Figure 9. Histological examination of hematoxylin-eosin (H&E; left panel) and Masson’s trichrome (right panel) stained diabetic wound tissues treated with the ointment base for Ya-Samarn-Phlae tulle-gras dressings (YaSP; (A), a vehicle (B), Solcoseryl® ointment (a reference product; (C), along with normal tissue (D) on the 11th day. In the left panels, the white and black arrows and arrowheads indicate the amounts of collagen, fibroblasts, and a small number of inflammatory cells. In the right panels, the dark blue area represents the amount of collagen (Magnification ×40; scale bars: 100 µm).

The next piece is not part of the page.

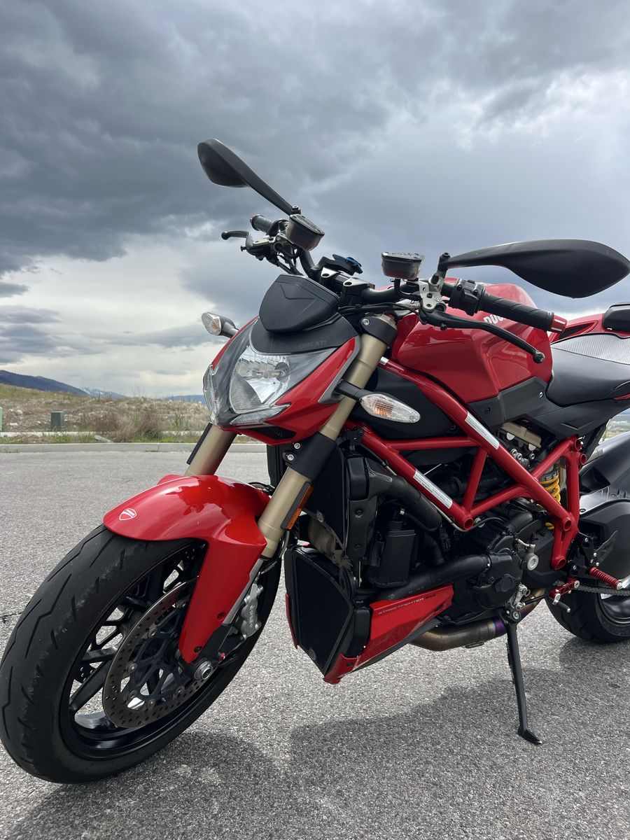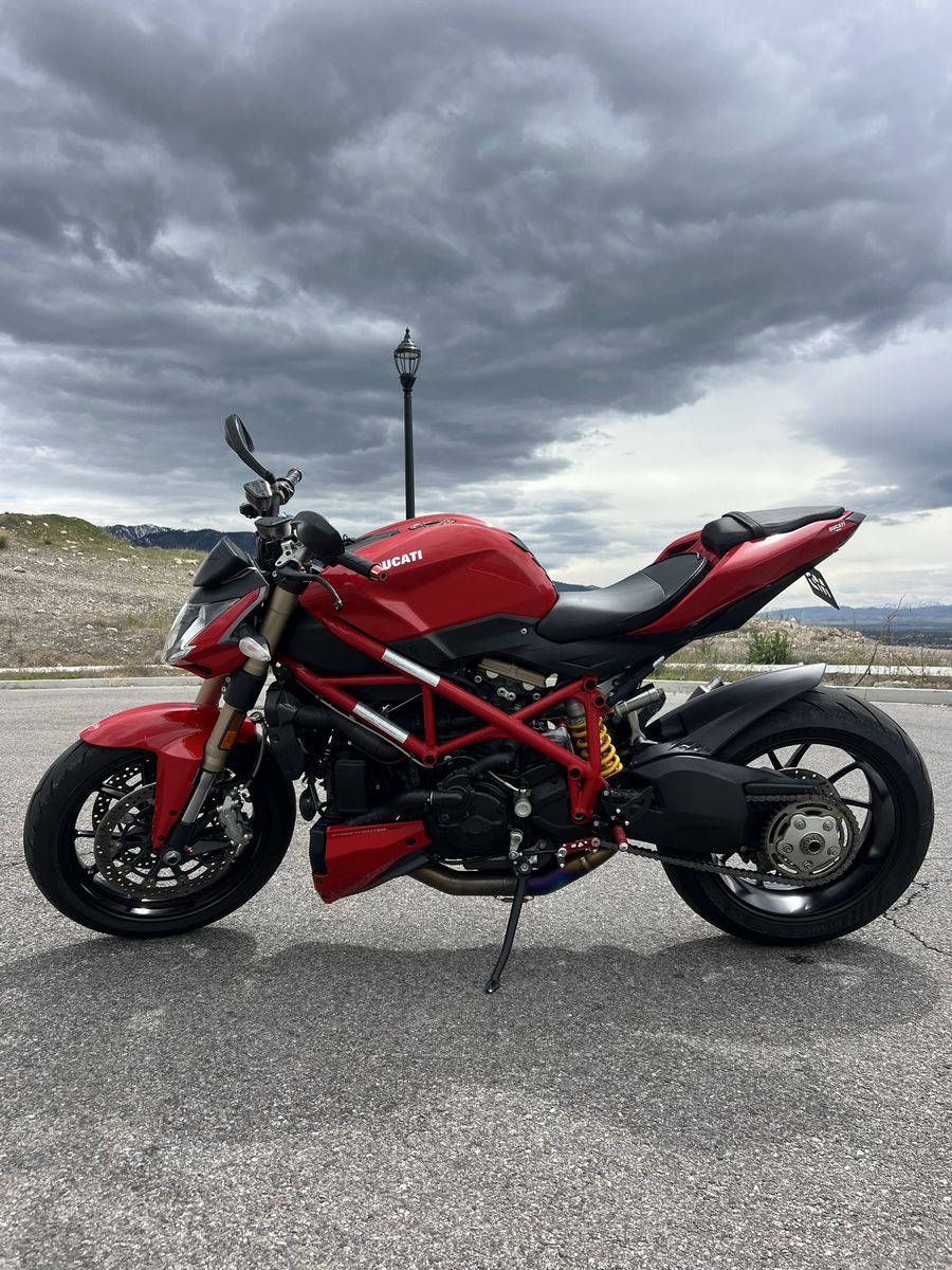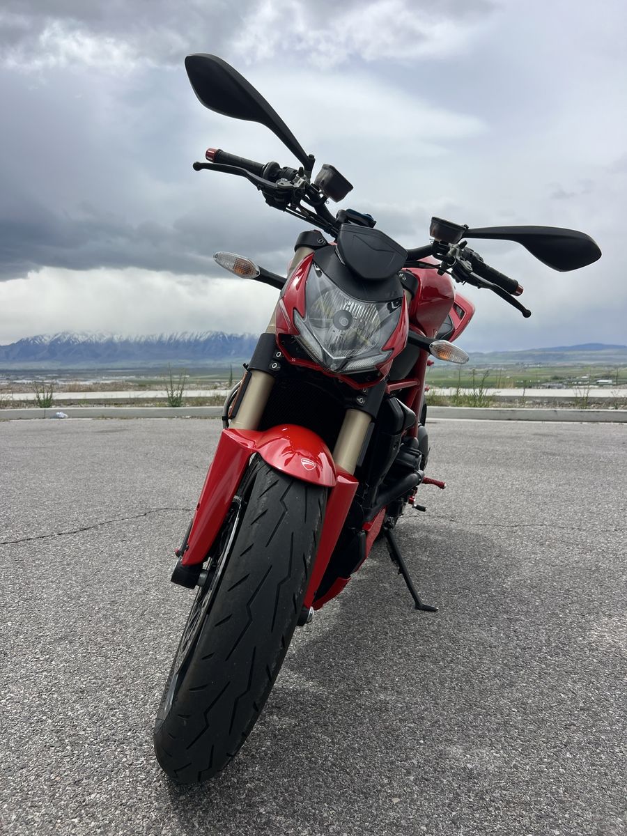 This is my 2015 Ducati Streetfighter 848. Engine size is 848cc. Current mileage is 8,300 on the dash. Will go up as I ride. Regular oil changes have been done and service lights removed by dealerships. And regular maintenance to the chain. Tires have a few hundred miles, should be good for a while. Comes with two keys, and a bike stand for the bike. Does need a new air intake temperature sensor. From the Ducati dealer is $60.

In summary, as depicted in Figure 10, The results demonstrate that YaSP possesses significant anti-inflammatory and wound-healing properties in both non-diabetic and diabetic models. Its ability to reduce oxidative stress, enhance collagen synthesis, and stimulate angiogenesis positions it as a promising alternative for managing chronic wounds, particularly in diabetic patients. Future studies should focus on optimizing storage stability and further elucidating its molecular mechanisms of action.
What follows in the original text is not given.